Shahzad Raza, Abdul Hakeem, Salman Moinuddin, Rahat Noor, Umar Rasool Malhi, Syed Razi.
An insight into the Brugada syndrome.
Pak J Cardiol Jan ;16(2):67-80.

In 1992, on the basis of a small patient series, the brothers Pedro and Josep Brugada described a new syndrome characterized by syncopal episodes and/or sudden death in young and otherwise healthy adults, and less frequently in infants and children with a structurally normal heart and a characteristic electrocardiogram (ECG) pattern of right bundle branch block (RBBB) with ST segment elevation in leads V1 to V3. The ECG manifestations of Brugada syndrome (BS) are often dynamic or concealed and may be unmasked or modulated by sodium channel blockers, a febrile state, vagotonic agents, alpha-adrenergic agonists, beta-adrenergic blockers, tricyclic or tetra cyclic antidepressants, a combination of glucose and insulin, hypo and hyperkalemia, hypercalcemia, and alcohol and cocaine toxicity. Patients with a spontaneously appearing Brugada ECG have a high risk for sudden arrhythmic death secondary to ventricular tachycardia/ fibrillation. Recent genetic studies have confirmed the genetic heterogeneity of the disorder. Mutations of the cardiac sodium channel SCN5A have been detectable in <20% of patients with Brugada syndrome.
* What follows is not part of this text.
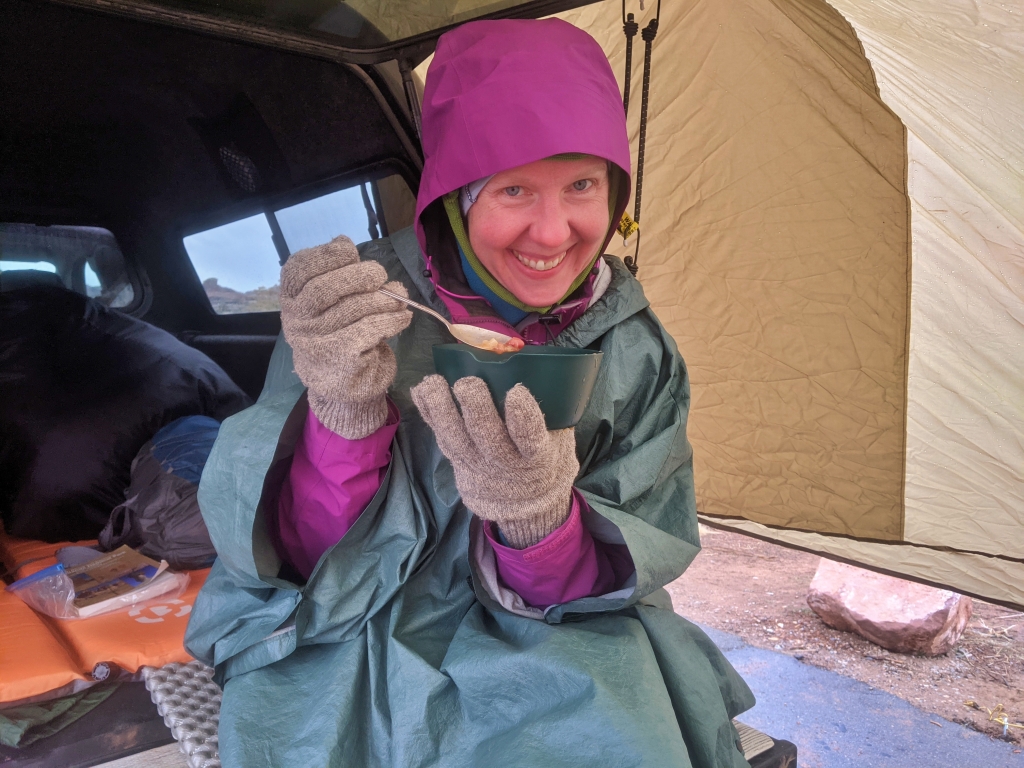 We set it up backpacker style with a smaller pole and low to the ground for the rain, sleet, and late-night snow we faced this past weekend:

Antiarrhythmic drugs appear to be of little use in prolonging survival and in preventing recurrences of ventricular arrhythmias. To date, implantable cardioverter defibrillator remains the best therapy to prevent sudden death in these patients. In recent years, an exponential rise in the number of reported cases and a striking proliferation of articles defining the clinical, genetic, cellular, ionic, and molecular aspects of the disease have been published. This article summarizes the current understanding of pathophysiology and clinical features of BS, risk stratification and diagnostic criteria and current clinical management.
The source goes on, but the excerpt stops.